Darüber hinaus wurden in diesem Spiel auch die Trainerprobleme von Choi Kang-hee deutlich. Sein Training war zu streng, was dazu führte, dass Spieler wie Liu Binbin und Zeka aus nicht kämpferischen Gründen ausfielen, was die Kampfkraft der Mannschaft schwächte. Was den Einsatz betrifft, so ist es vor allem für den sehr langsamen Bi Jinhao zweifellos eine schwierige Aufgabe, gegen schnelle und geschickte Stürmer zu kämpfen.

Im weiteren Verlauf des Spiels übernahm Shenhua nach und nach die Initiative auf dem Platz. Slutsky wechselte entschlossen Han Chao und Xu Haoyang ein, um die Offensivkraft von Shenhua vor dem Tor weiter zu stärken. Die Abwehr von Taishan hatte viele Lücken, vor allem Bi Jinhao wurde von den gegnerischen Spielern in der Defensive oft geärgert, und Xu Haoyangs Fernschüsse taten ein Übriges, um Taishan das Leben schwer zu machen.

Choi Kang-hee hat Taishan viel Ärger bereitet, als er Trainer von Shenhua war, aber jetzt steckt er in einem Loch, das er sich selbst gegraben hat. Bijinho wurde ursprünglich geholt, um der Mannschaft einen Höhepunkt zu geben, aber jetzt kann er nicht annähernd so gut spielen, wie er sollte.

In der Schlussphase des Spiels musste Choi Kang-hee eine Umstellung vornehmen, indem er Jadson als Mittelstürmer und Bi Jin-ho als Innenverteidiger einsetzte. Diese Umstellung konnte natürlich nichts am Ausgang des Spiels ändern, und Taishan verlor am Ende 0:3. Durch diese Niederlage wurde der Abstand zwischen Taishan und den echten Titelanwärtern immer deutlicher, und der Weg zum Titel wird in dieser Saison immer schwieriger.

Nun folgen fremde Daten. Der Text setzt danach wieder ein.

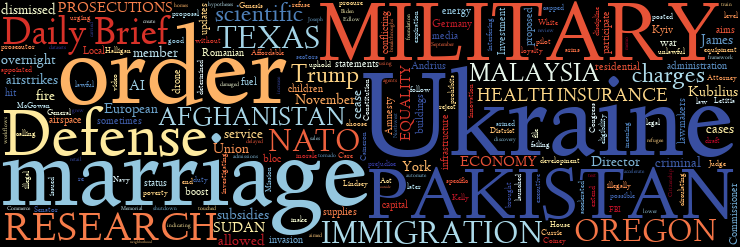 UKRAINE | U.S. PROSECUTIONS | U.S. HEALTH INSURANCE | U.S. MILITARY | U.S. RESEARCH | U.S. IMMIGRATION | U.S. ECONOMY | TEXAS | OREGON | NATO | E.U. MARRIAGE EQUALITY | AFGHANISTAN AND PAKISTAN | SUDAN | MALAYSIA | TODAY IN HISTORY
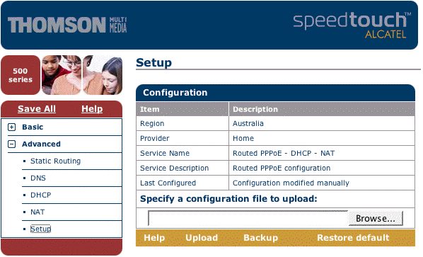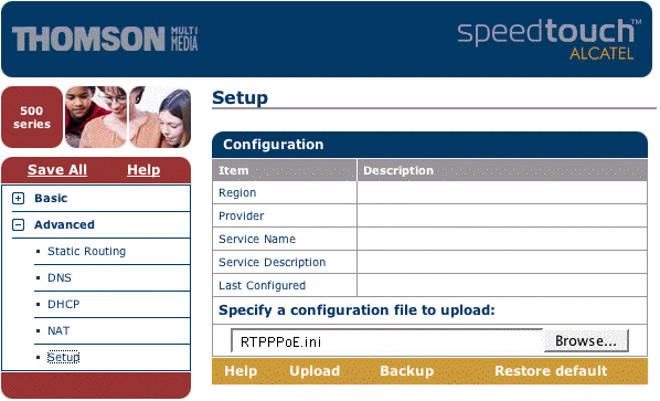 Click on "Browse" and browse to the folder with the ini files inside and select a new ini file to upload. The file will appear in the above window. The one shown is an "RTPPPoE.ini" that configures the 510 as a PPPoE DHCP ROUTER.
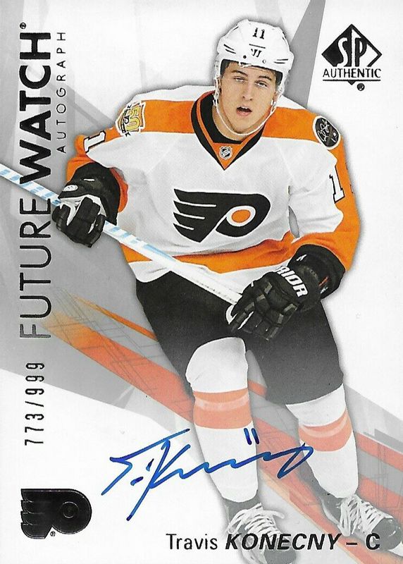 Travis Konecny's Hockey cards are available in at least 66 sets. Travis Konecny's biggest 7-day price movers are 2016 SP Authentic #154 Future Watch Auto /999, 2023 Upper Deck Artifacts #106 Leather, and 2023 Upper Deck Artifacts #106 Black /5.
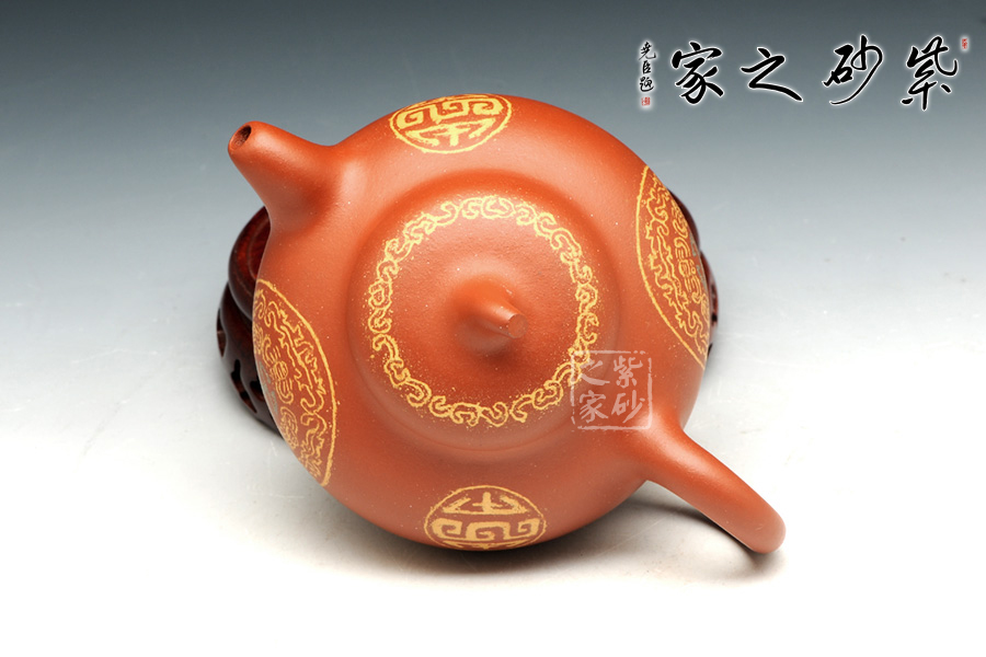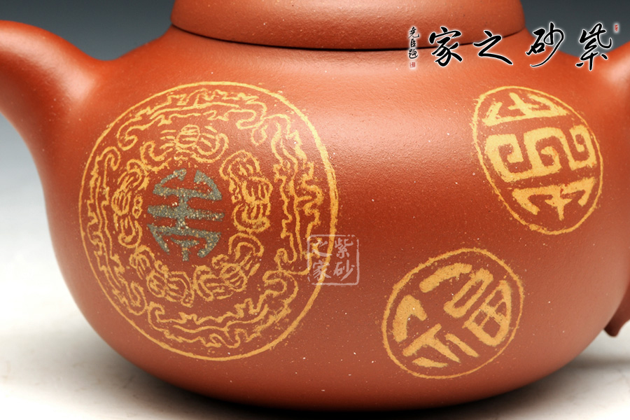 此款作品,原礦紅泥制作而成,色澤光潤,泥質細膩。這款茄段的美妙之處在于似真似幻,在具體和抽象之間輪轉。以生活中常見的茄子為型,用圓潤的線條勾畫出茄子的動態(tài)之美,與常見的茄段不同。此款造型憨胖,敦實厚重,沉穩(wěn)有力,壺鈕為如茄蒂,逼真自如,流與把俊俏有力,舒暢自如,工藝精到。壺身繪有福字圖案,寓意吉祥如意,大富大貴之意。
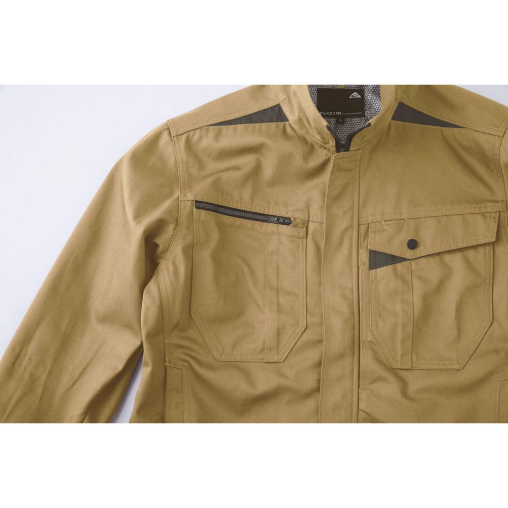 ●収納力についても定番のポケットの他に、ジャケットでは左胸スラッシュポケット、パンツでは右脇にファスナーポケットを備えています。またジャケット、パンツ共に背面に反射パイピングを施し暗所での安全性も確保しています。
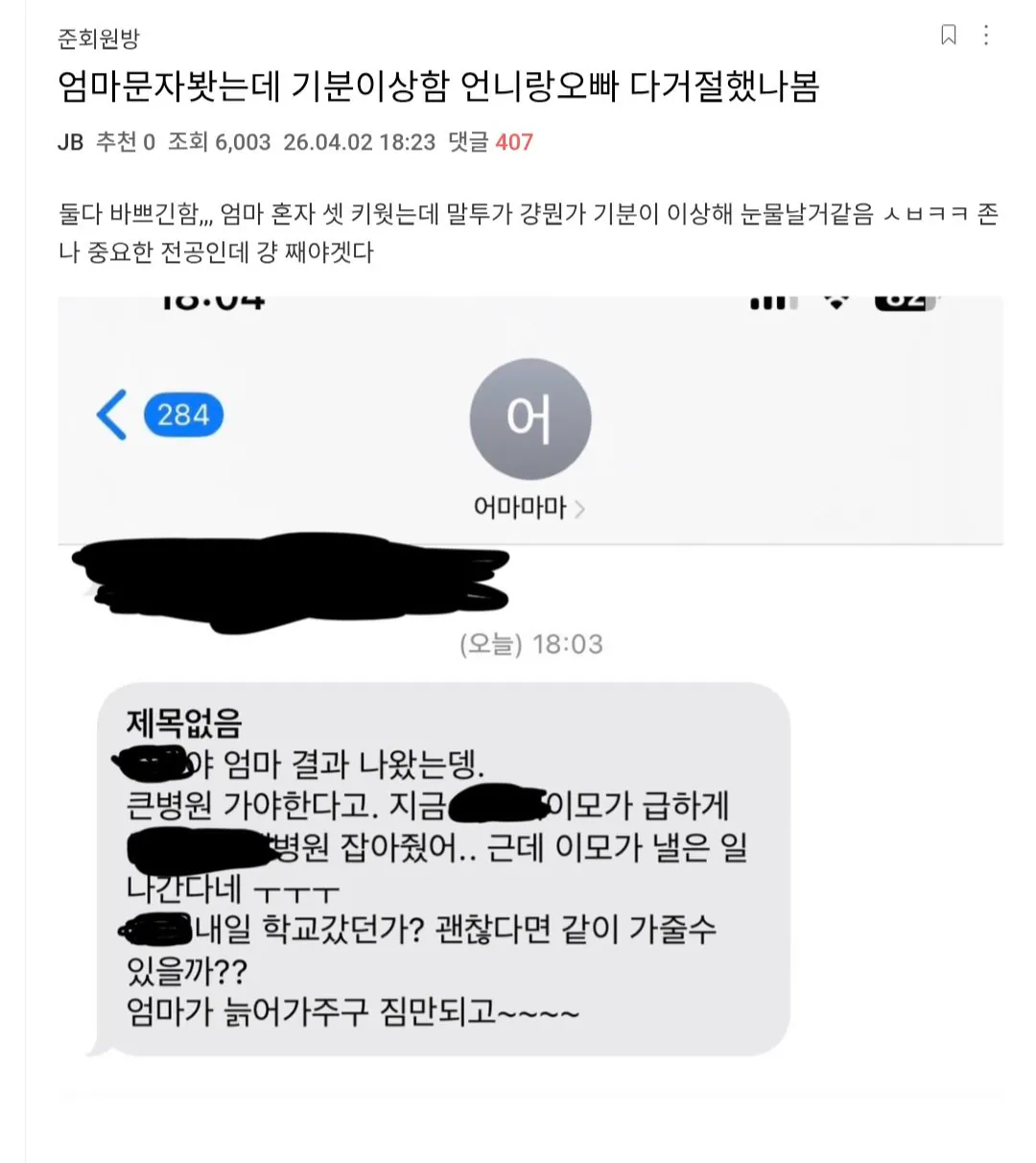 큰병원 같이 가달라고 하는 엄마의 부탁 문자 작성자JB|작성시간26.04.03|조회수563 목록 댓글 2 글자크기 작게가 글자크기 크게가 다음검색 현재 게시글 추가 기능 열기 북마크 공유하기 신고 센터로 신고 댓글 댓글 2 댓글쓰기 답글쓰기 댓글 리스트 작성자JB | 작성시간 26.04.03 하ㅠ ㅅㅂ 작성자JB | 작성시간 26.04.04 이세상모든착한엄마늙지마아프지마ㅠ 댓글 전체보기

Cheftrainer Choi Kang-hee muss die Hauptverantwortung für die 0:3-Niederlage von Taishan übernehmen. Erstens muss der Cheftrainer bei der Einstellung von Spielern rationaler und objektiver vorgehen und darf sich bei seinen Entscheidungen nicht nur auf persönliche Vorlieben oder frühere Erfahrungen verlassen. Zweitens muss Choi Kang-hee die Taktik und die Aufstellungen entsprechend den Eigenschaften der Spieler und des Gegners festlegen.

Das Fiasko von Taishan ist nicht nur darauf zurückzuführen, dass Choi Kang-hee bei seiner Personalstrategie Fehler gemacht hat, sondern auch auf die derzeitigen allgemeinen Probleme von Taishan. Als Cheftrainer muss Choi Kang-hee bei der Auswahl seines Personals rationaler und objektiver vorgehen und darf sich bei der Zusammenstellung seiner Truppen nicht nur auf persönliche Vorlieben oder frühere Erfahrungen verlassen.

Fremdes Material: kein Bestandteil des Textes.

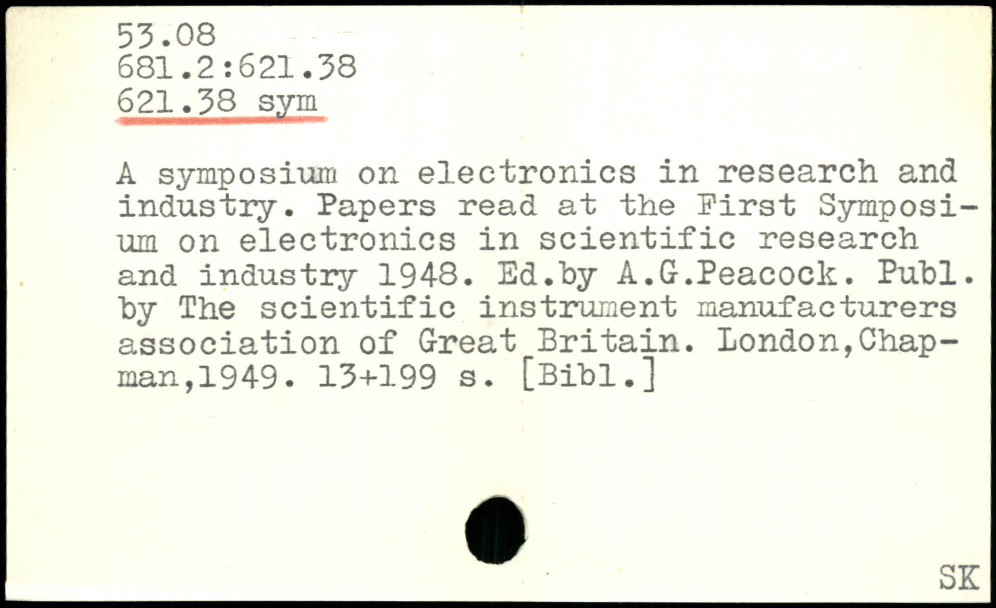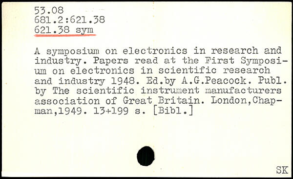 A symposium on electronics in research and industry. Papers read at the First Symposium on electronics in scientific research and industry 194-8. Ed.by A.G.Peacock.
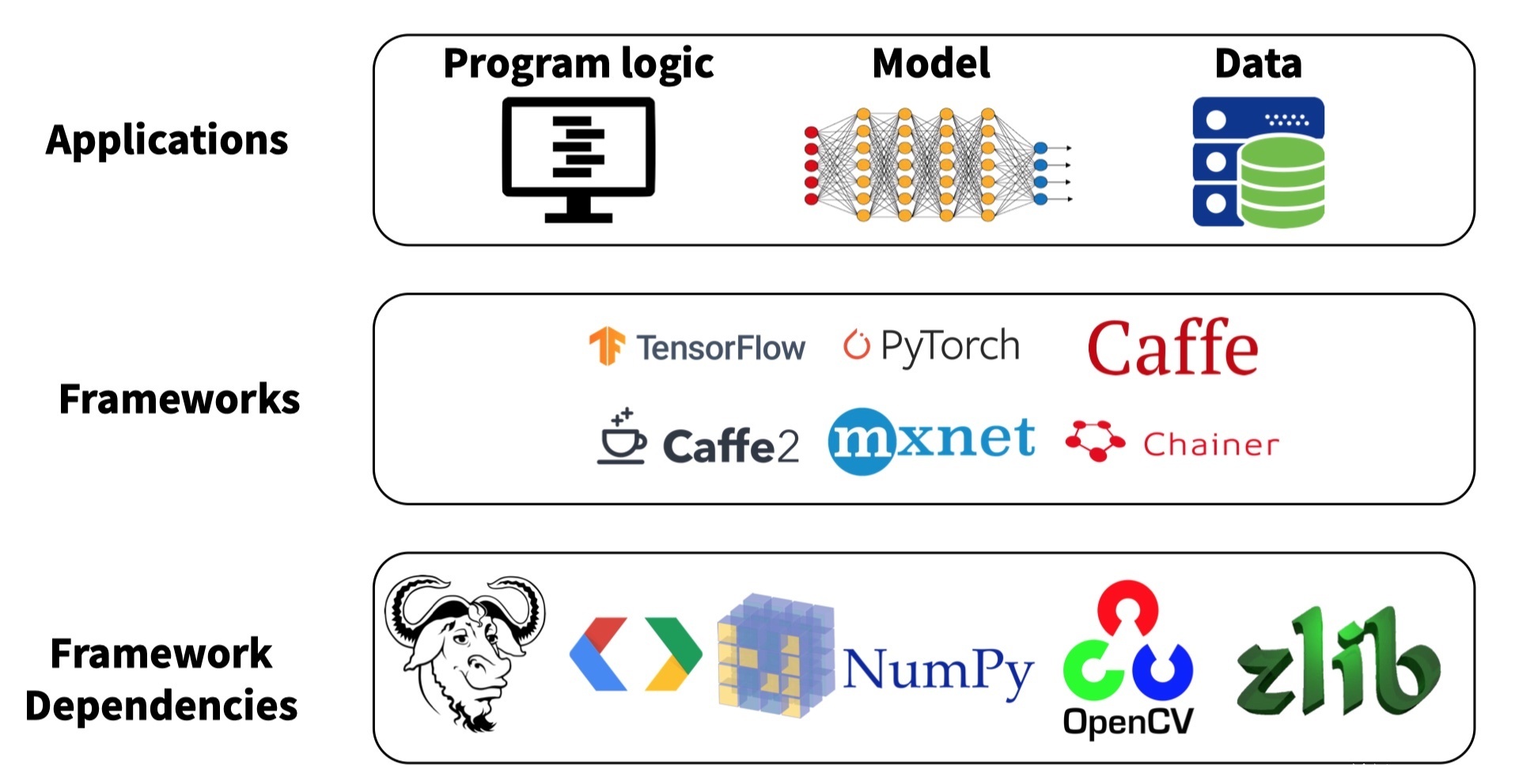 众所周知,当前运行的大多机器学习模型或是深度学习模型,都是基于一些底层的机器学习/深度学习框架和三方包。尤其是深度学习模型,系统框架非常多,主流的包括Tensorflow、Torch、Caffe等。通过使用深度学习框架,算法人员可以无需关心神经网络和训练过程的实现细节,更多关注应用本身的业务逻辑。 开发人员可以在框架上直接构建自己的模型,并利用框架提供的接口对模型进行训练。这些框架简化了深度学习应用的设计和开发难度,甚至仅通过几十行代码就能将一个深度学习模型构建出来。

Gleichzeitig muss er auch die Trainingsintensität der Mannschaft anpassen, um die Abgänge außerhalb des Kampfes zu minimieren. Wenn Lao Cui immer noch besessen ist und sein Einstellungsdenken und seine Trainingsmethoden nicht so schnell wie möglich anpassen kann, fürchte ich, dass das Loch, das er sich selbst gräbt, in Zukunft immer tiefer wird. Bis dahin ist die Entlassung des koreanischen Trainers wohl unvermeidlich...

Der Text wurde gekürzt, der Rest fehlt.